Наконец, в пушкинском переложении 1836 года присутствует еще одна автореминисценция, и она уже указывает на особенности речевой структуры отразившейся у Пушкина тютчевской эпиграммы:


…Все чаще мне она приходит на уста
И падшего крепит неведомою силой…


– говорит Пушкин о благодатном действии великопостной молитвы. Это окончание пушкинского вступления к тексту самого переложения, и оно отмечено резкой переменой способа выражения объекта глагольного действия с местоимения на субстантивированное прилагательное.
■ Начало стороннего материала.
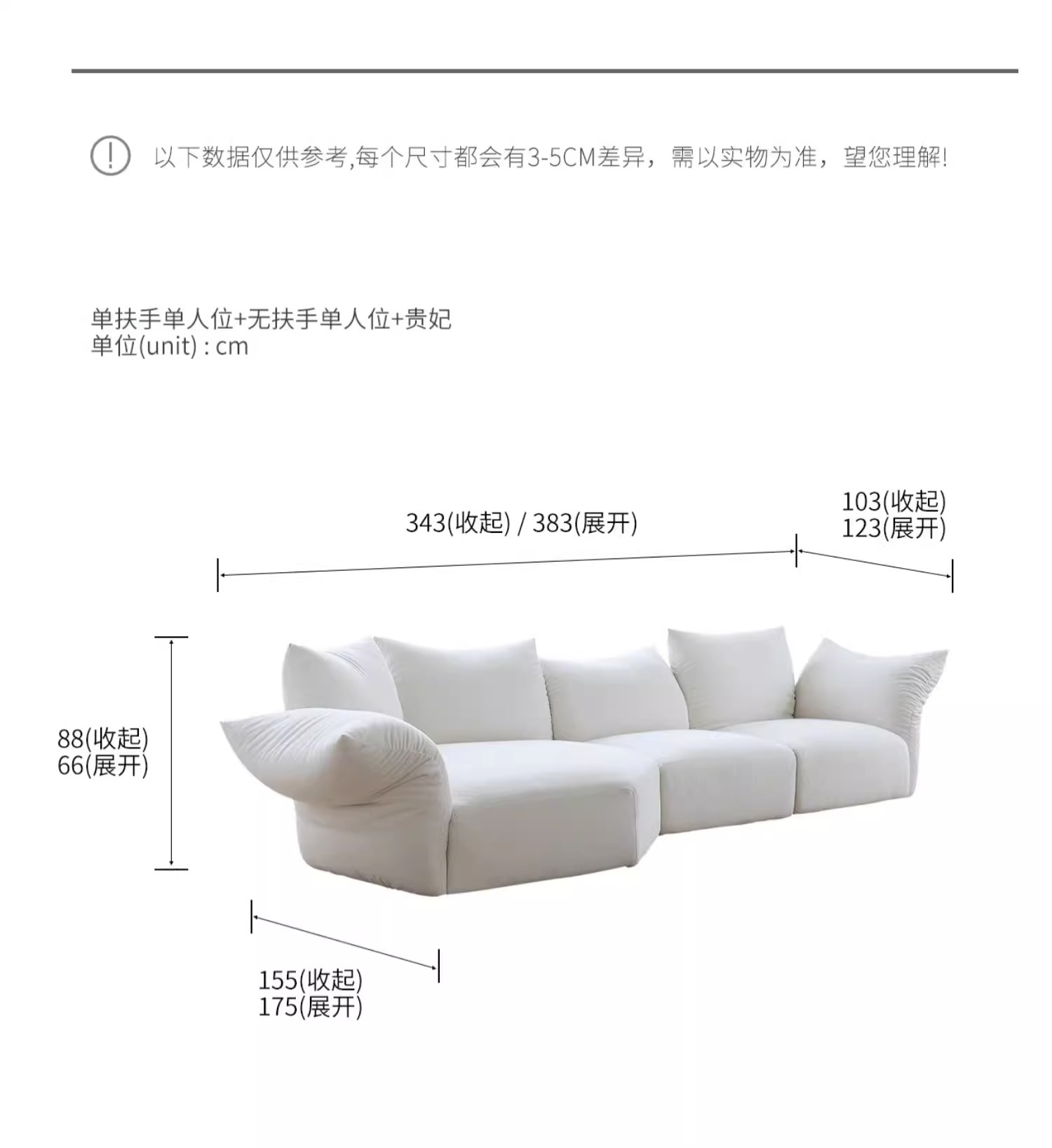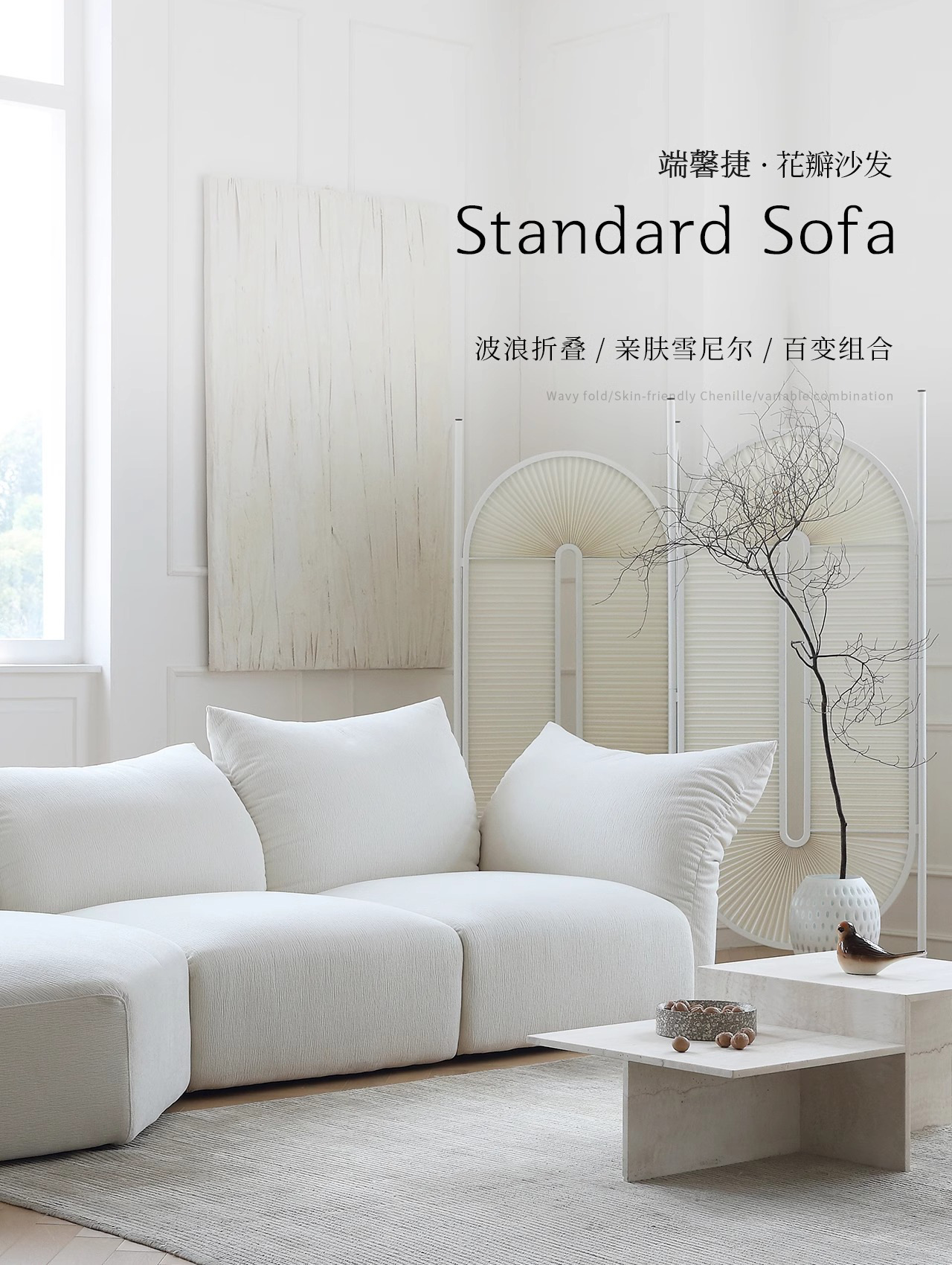 Cream viento pétalos arena moderna minimalista creativo módulo de forma especial sofá de esquina tela sofá villa gran piso plano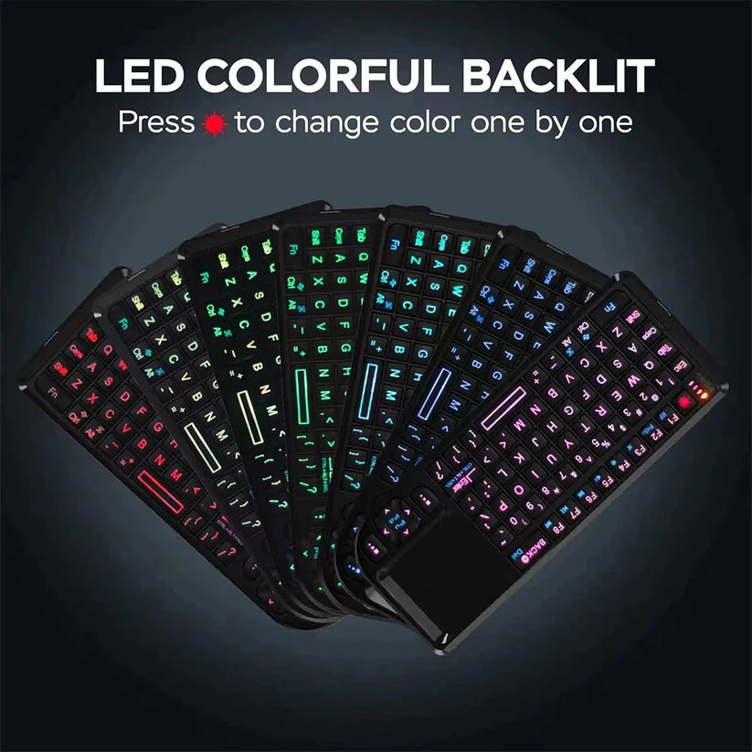 Возьмите полный контроль в свои руки с этой многофункциональной беспроводной клавиатурой компактного и современного дизайна. Благодаря семицветной подсветке, сверхчувствительному тачпаду и встроенному фонарику каждая ваша работа или развлечение превращается в плавный опыт, даже в полной темноте. Эргономичная форма, похожая на пульт от телевизора, идеально ложится в руку для комфортного использования, будь вы на диване или в движении.

Раньше повторялось: “меня […] умиляет”, “мне […] приходит”; теперь же: “крепит” не “меня” – а “падшего”. Спрашивается: имеет ли какой-то художественный смысл эта внезапная перемена и в каком отношении находится этот “падший” к автору речи? “Падший” – Пушкин: такой вариант тоже возможен, тем более что в тексте переложения самой молитвы личное местоимение “я” повторяется не однажды.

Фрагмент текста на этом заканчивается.